ACTIVITY.
Include the line containing "Abitur-Jahrgang verlässt die" and every line after it up to the end of the material below; reproduce them exactly and drop the pictures.

DATA.
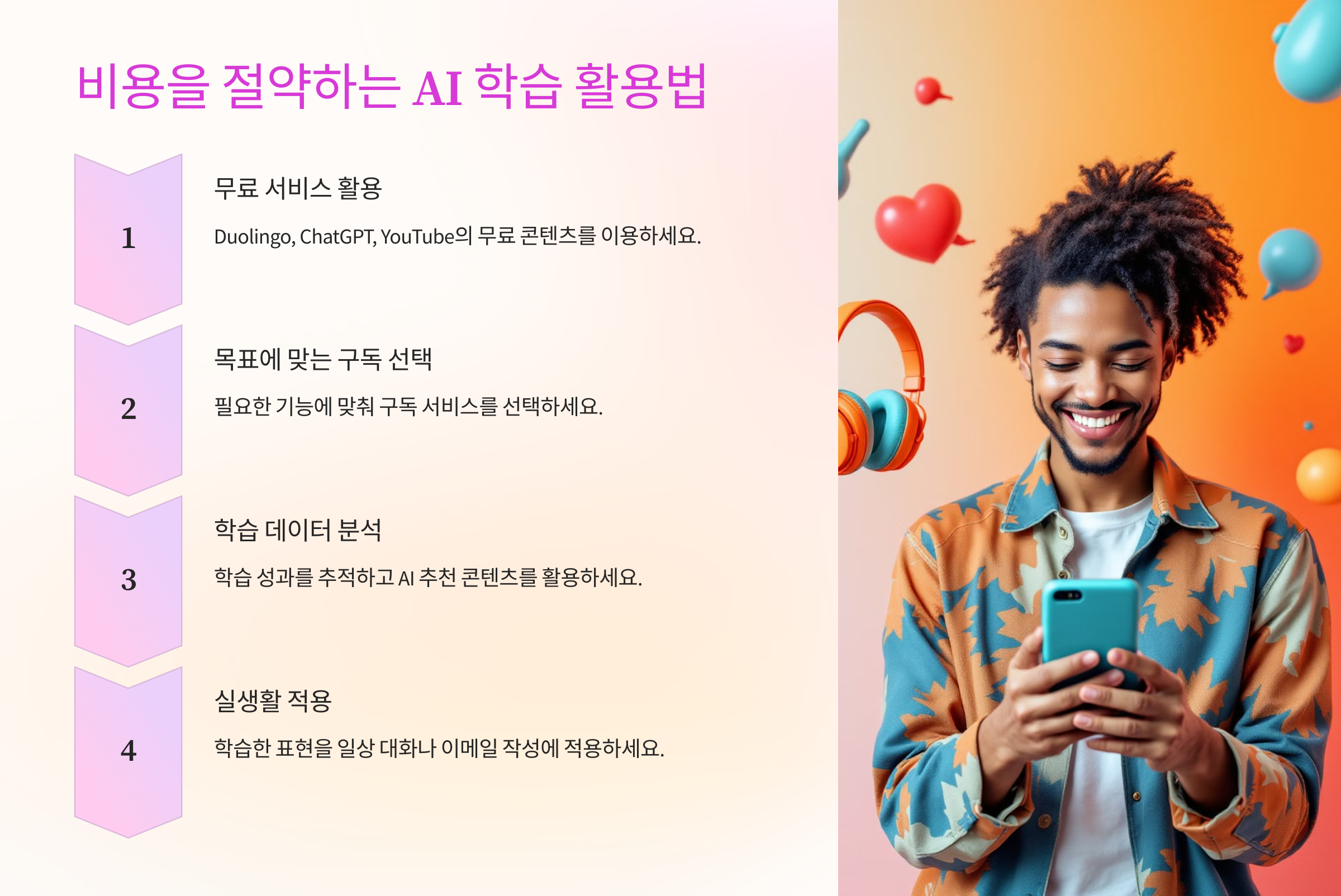 비용을 아끼면서 AI 학습법을 최대한 활용하려면 무료 또는 저렴한 서비스들을 적극 활용하는 것이 중요해요. 앞서 언급한 Duolingo 같은 앱은 기본적으로 무료로 사용할 수 있어요. 또, ChatGPT나 YouTube의 무료 영어 학습 콘텐츠를 이용하면 추가적인 비용 없이 학습의 폭을 넓힐 수 있답니다.
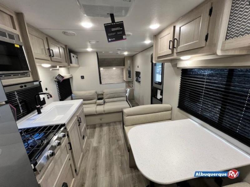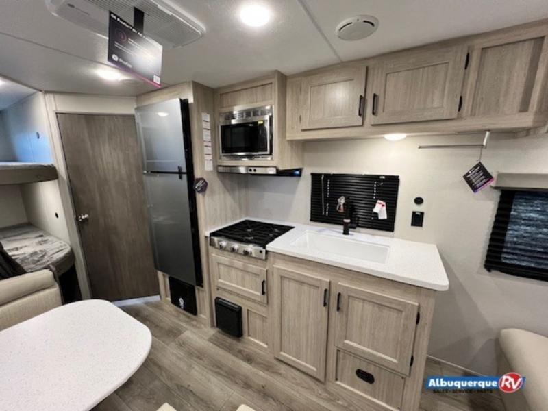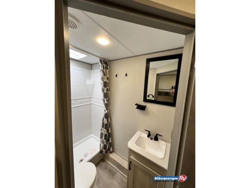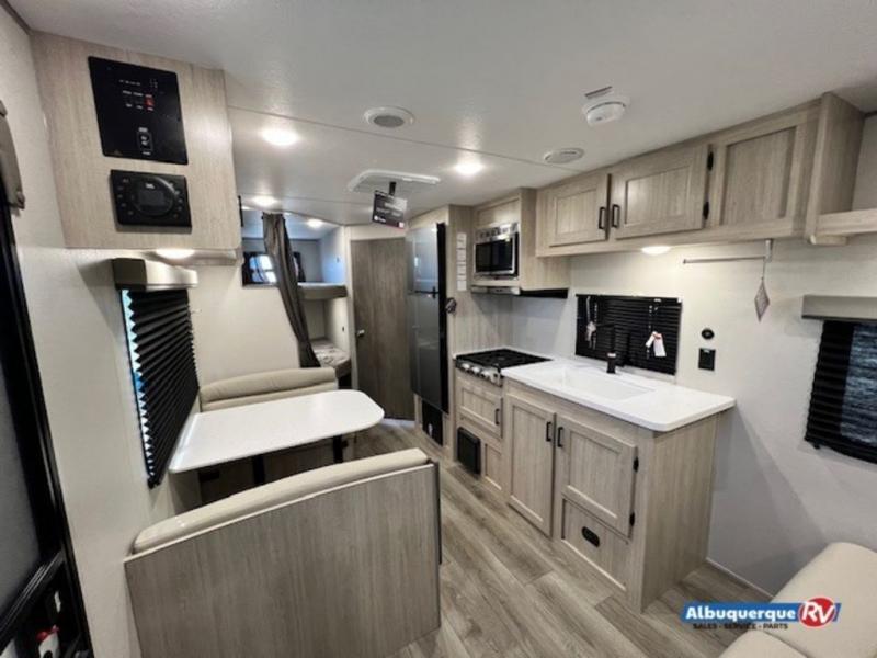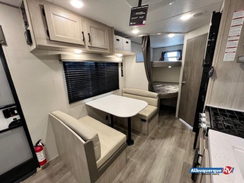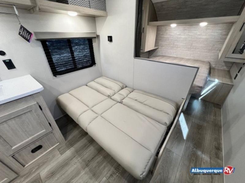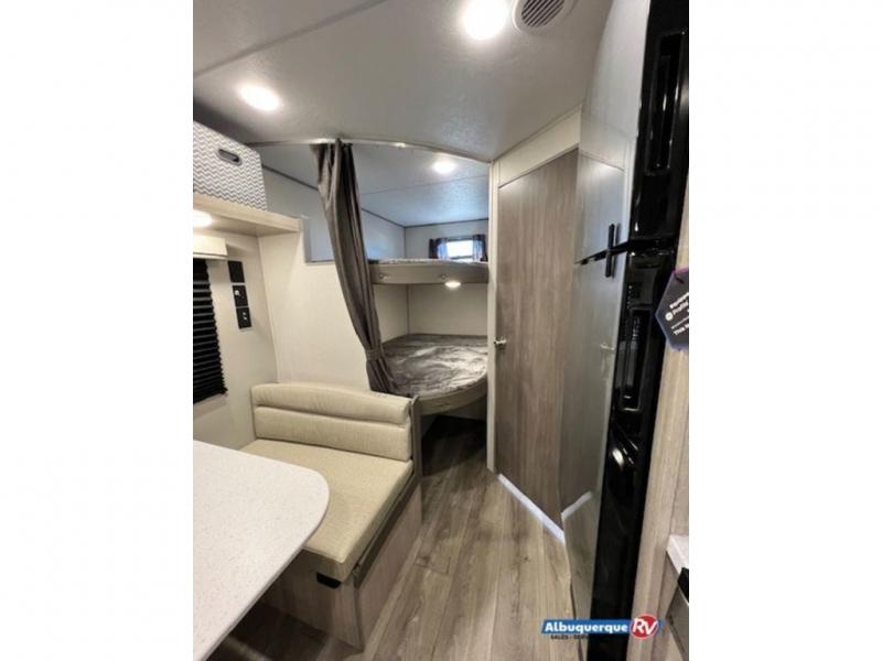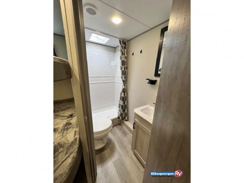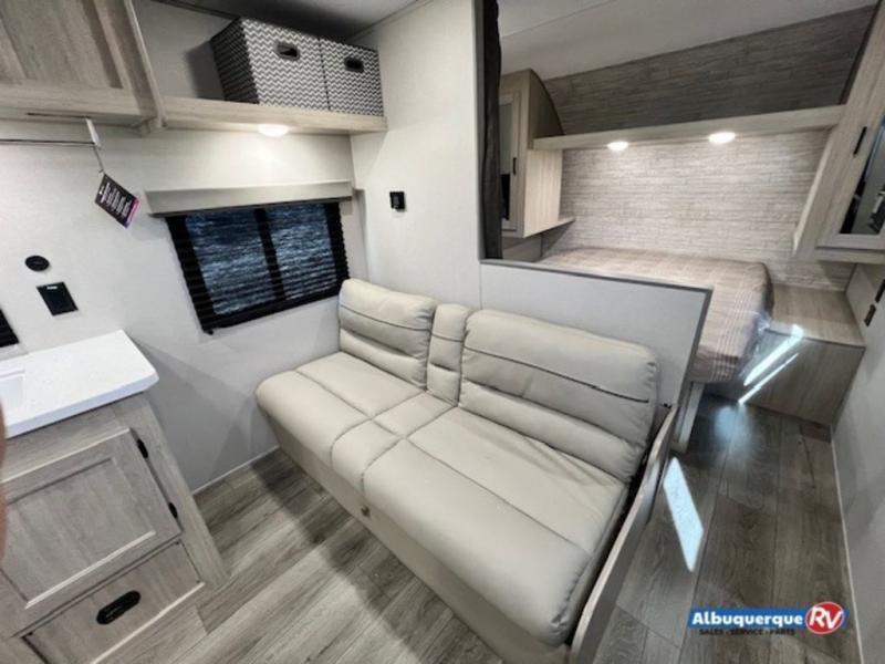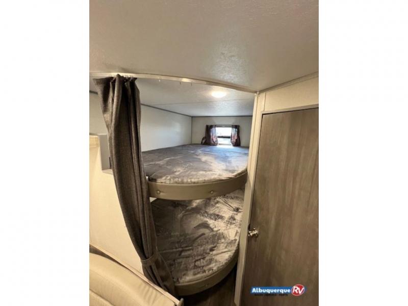 You get to choose to sit at the sofa or at the booth dinette when you are relaxing inside. There is a shelf with storage totes above the sofa for your belongings, and an additional overhead cabinet above the dinette for games. Maybe you want to rest on your own queen bed in the front semi-private bedroom before you make a meal in the kitchen or take a hike through the trails around the lake. The 15' electric awning with multi-color LED lights and a remote offers an outdoor living area where you can visit with other RVers. The kids will love their own double-size bunks that they can share with a friend or two, and the full bathroom is nearby as an added convenience.
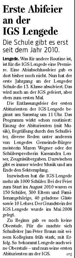 PAZ: "Erster Abitur-Jahrgang verlässt die Lengeder Gesamtschule"
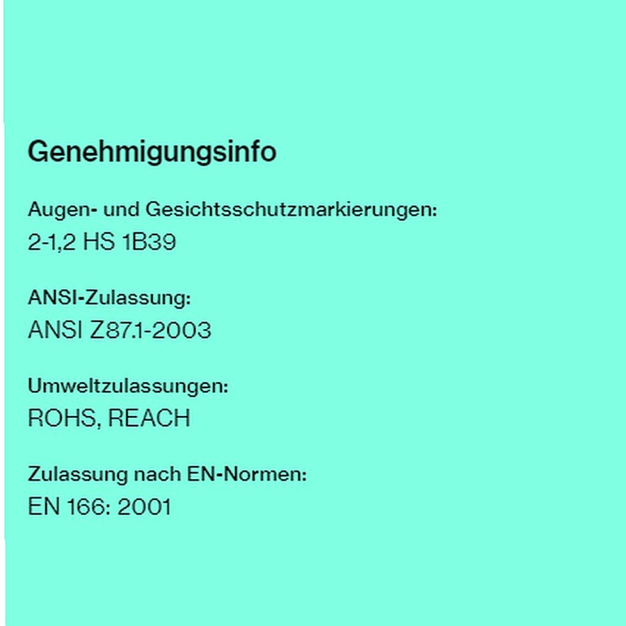 - Zulassung nach EN-Normen: EN 166 1B39 CE.

FINISHED EXERCISE.
 PAZ: "Erster Abitur-Jahrgang verlässt die Lengeder Gesamtschule"
 - Zulassung nach EN-Normen: EN 166 1B39 CE.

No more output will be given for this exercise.